Thursday 3 January 2013

by S. Mohan Kumaramangalam

The recent victory of the DMK in the Tiruchengode by-election has once more drawn all-India attention to this party. Naturally, throughout the country and even in Tamilnad itself, these questions are being asked with increasing concern: What is this party? What is its past? What is its programme? What do its victories in the general election and more recently in the Tiruchengode by-election mean for the future of our people?
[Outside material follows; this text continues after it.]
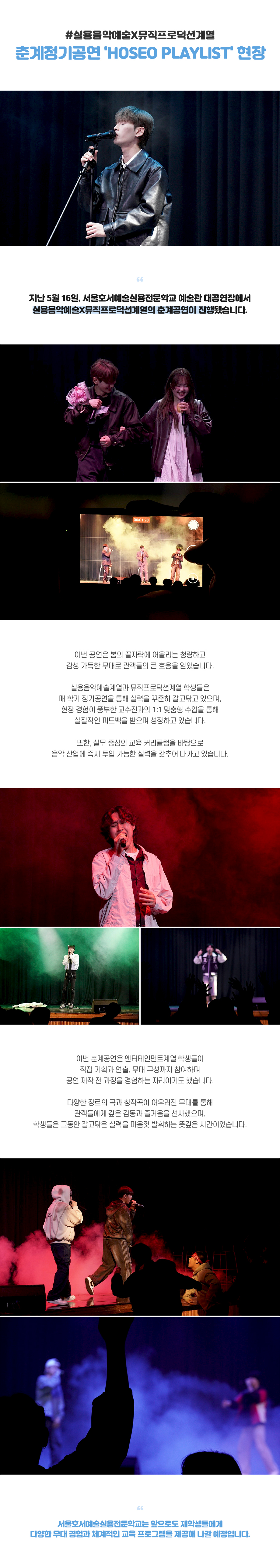 지난 5월 16일, 서울호서예술실용전문학교 예술관 6층 대공연장에서 실용음악예술계열과 뮤직프로덕션계열의 춘계공연이 진행됐습니다. 이번 공연은 봄의 끝자락에 어울리는 청량하고 감성 가득한 무대로 관객들의 큰 호응을 얻었습니다.

The Dravida Munnetra Kazhagam is not merely a post-independence phenomenon, a party born after the achievement of freedom in 1947. Its leader, C.N. Annadurai, claims that its past tradition goes back right to the year 1916, when Sir Thyagaraja Chettiar formed the Justice Party (called the South Indian Liberal Federation). That party was openly and unashamedly the party of the supporters of British rule in India. It was backed by the biggest land-lords and by the Chettiar capitalists whose money-lending business in South-East Asia flourished under the control and protection of the Union Jack.

Discredited in 1937

This party attempted to utilise the natural discontent of the non-Brahmin middle class in Madras Presidency against the monopolising of jobs, particularly government jobs, by the Brahmin community of the South, who took earliest to education, being the baboos of the British from the beginning. It was this discontent of the non-Brahmin middle class at not being able to secure their rightful place in government employment or even in the professions that was taken advantage of by the Justice Party to try and keep the vast non-Brahmin majority in the South away from the national struggle. For some time it succeeded, but later, particularly after the 1920s, when the liberation movement of the Indian people under Gandhiji’s leadership reached out into the countryside, the Justice Party, became more and more the isolated party of reaction, of the landlords and Chettiar capitalists. The culmination was in the elections held in 1937 under the 1935 Constitution, when even under a limited franchise the stalwarts of the Justice Party were routed throughout the State.
By 1939 it was obvious to all who wanted to see the writing on the wall that the Indian liberation movement was growing enormously in strength and influence and, reaching out for power, was threatening the very heart of imperialist rule in India. Looking back in historical perspective, it is seen that this was why, as a diversion and as an attempt to disrupt the rising and powerful indepen-dence movement, the Muslim League in 1940 adopted the Pakistan resolution, the goal of division of India. Clearly this was an imperialist tactic to disrupt and divide the freedom movement.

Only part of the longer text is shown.